SOLUTION: First normalize the vector V. |V|=sqrt(3^2+4^2)=5. N=[3/4; 4/5]. Multiply the normalized vector by 55 to find the solution: N*55 = [3*55/5; 4*55/5] = [33;44]
Dot product discussion, it is important to understand the geometric interpretation of the dot product as a projection operation. In other words, given a unit length vector N, taking the dot product of any point P with N projects P onto an axis (direction) defined by N ... and this in turn is a means of measuring the distance of P from the origin in the direction defined by N.
Here are several of the key elements of this slide explained
- P is any point on the sphere and the equation of our ray is substituted in place of P in the first step - first to second equation.
- L is a 3D point on the image plane that serves as the base of the ray and Pc is the center of the sphere. Both of these are knowns (constant), so to simplify the equation the vector from L to Pc is named T and used in the resulting quadratic equation.

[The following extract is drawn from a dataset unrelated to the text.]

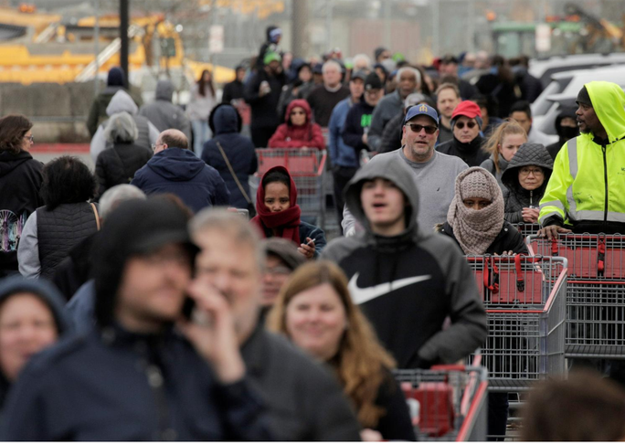Trời vừa hửng sáng ở nước Mỹ ngày 14-3, hàng nghìn người đi mua hàng tích trữ đã xếp hàng dài bên ngoài các siêu thị và cửa hàng bách hóa từ trước giờ mở cửa với hy vọng mua được những nhu yếu phẩm trong bối cảnh đất nước đang hạn chế đi lại để làm chậm tốc độ lây lan virus Sars-CoV-2.
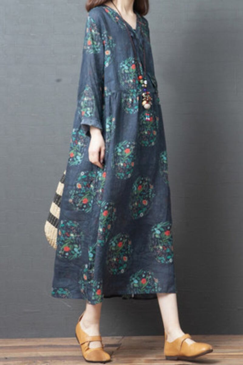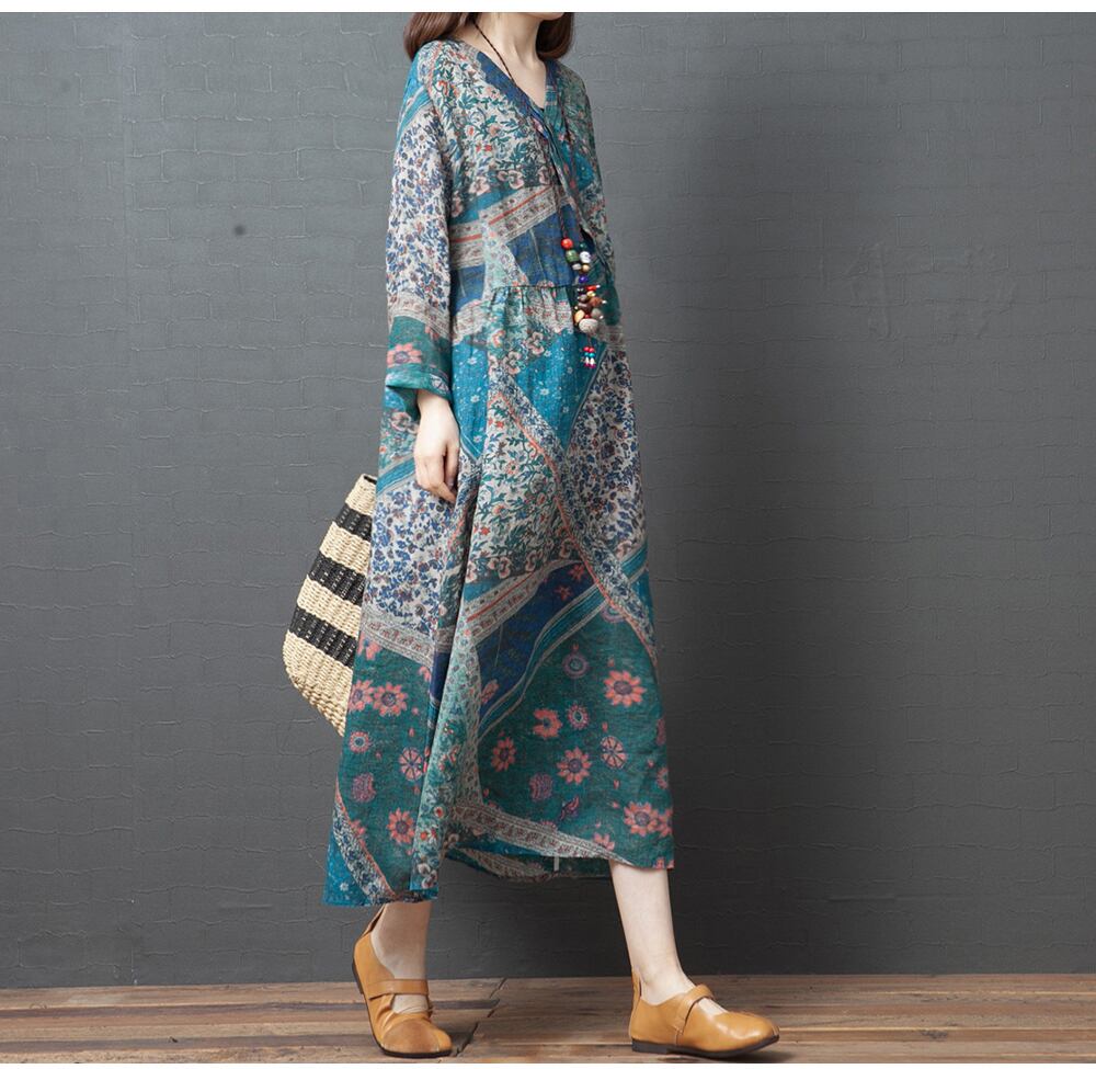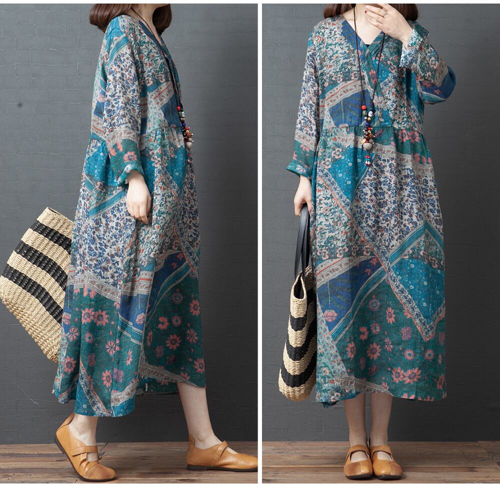 ミドル丈ワンピース ビッグサイズ ビッグシルエット レディース ラフ ゆるシルエット 大きいサイズ 全4サイズ M L XL XXL 全2色 ネイビー 紺色 ライトブルー 明るい青 Vネック 春 夏 秋 ミドル丈 ミモレ丈 重ね着 アジアンテイスト おしゃれ お洒落 大人女子 大人可愛い 普段着 普段遣い ルーズ 楽ちん 体型カバー 通勤 通学 オフィス お出かけ デート 公園デビュー 休日 10代 20代 30代 40代 50代 カジュアル 長袖 可愛い 韓国 カワイイ プリント エキゾチック 個性的

At this point in the lecture we spent time reviewing how to derived the implicit form for a 2D line based upon two points known to lie on the line, and then how to use the implicit form to determine whether a third point is above the line, below the line, or exactly on the line. A more detailed description can be found in the CS 410 lecture notes, slides 15, 16 and 17.
The methods:
- Odd/Even Parity: create a ray from the intersection point to any direction in the same polygon plane then count the # of intersections with edges (a vertex is count as 1 intersection). if the # is even (including 0) --> the point is outside the polygon (because it is either 0 intersections which means it is definetly outside, or it will need at least 2 intersections to get inside and out again), otherwise (odd) --> the point is inside the polygon.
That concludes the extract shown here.